Sunday, December 18, 2011

7 Surprise Twists I’d Rather Live Without

7 Surprise Twists I’d Rather Live Without [or The Airing of Grievances, Literary Style]
Rebecca Joines Schinsky , posted on December 14, 2011 in Humor, Opinion

Dear Elizabeth Kostova: this would have been a better reveal.
A truly surprising surprise twist—the kind that makes you gasp or clutch your pearls or reexamine everything you thought you knew about a book—is a thing of beauty, especially when you’re the kind of reader for whom suspending disbelief doesn’t come so naturally. (Who’s with me?)

When it works, I can love it, but in general, I am not a fan of the surprise twist, be it a reversal at the ending or a mid-plot change-up. It often seems lazy, a “give ‘em the old razzle-dazzle” approach to distracting readers from a lack of substance, and when done poorly, it can ruin a book for me. And let’s be honest, there are some surprise twist conceits so played out and/or impossible to pull off that no writer should use them again, ever. I propose we start with these. Be warned: I’m spoiling the surprises in half a dozen books here.

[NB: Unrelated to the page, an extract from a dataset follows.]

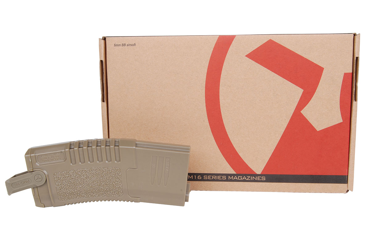 10er Pack Mid Cap Magazine mit je 140 Schuss in der Farbe Dark Earth von ARES, passend für die Amoeba-Modelle und einige M4-Varianten.

1. The Parent Switcheroo – This one boils down to: if I have to read one more story in which it turns out that the sister/aunt/close-family-friend is actually the main character’s mother, I’m going to flip a biscuit. That’s Southern for “rethink that whole ‘book burning is bad’ policy.”

2. The “Dracula lives!”–Oh, Elizabeth Kostova. I wanted to love The Historian. Really, I did. It has the story-within-a-story thing that happens to be one of my personal literary kryptonites AND an epistolary structure that pressed a bunch of my happy buttons. Aside from the fact that it was a couple hundred pages too long, it was a good idea. But then it turns out that not only is Dracula really still alive, he’s also ridiculously easy to kill? I was born at night, but not last night.

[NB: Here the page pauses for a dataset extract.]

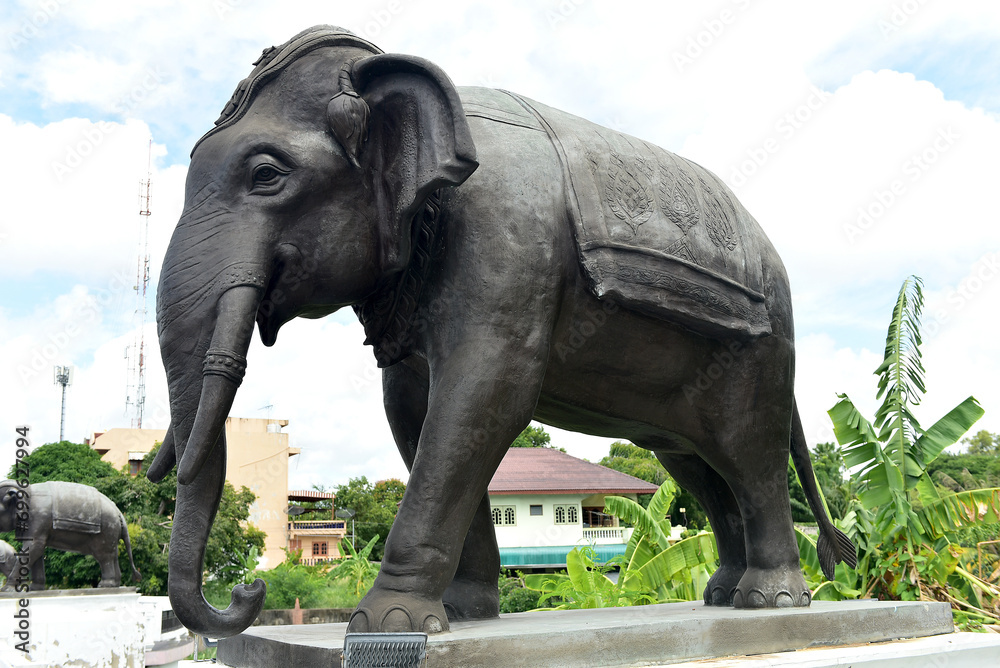 Copper cast bronze elephant on white background with clipping path. Elephant stucco.

3. The “They were lovers!”—Favored by soap operas the world over, this surprise inevitably cheapens a story. I’ve encountered it several times, but Naseem Rakha’s The Crying Tree, which had a lot going for it at the start, is the most recent offender I’ve found. It’s about a couple whose son was killed several years prior, and the mother reaches out to her son’s convicted killer as his execution date approaches. They forge a relationship that teaches them both about healing and forgiveness, and Rakha manages to address questions about the morality of capital punishment without being preachy. No easy feat, that.

The book is a little heavy handed but generally quite fine, and THEN! Then it goes off the rails when we find out that the killer was actually the son’s lover and (double surprise!) the son was secretly gay. This particular use of the “They Were Lovers!” twist is even more egregious because Rakha telegraphs it at least a hundred pages before it is revealed. And I don’t think I only picked up on that because I paid a lot of attention to the lessons about foreshadowing in high school. It was so completely unnecessary and maddening that it’s now the only thing I really recall about this book, and that’s too bad, mmkay.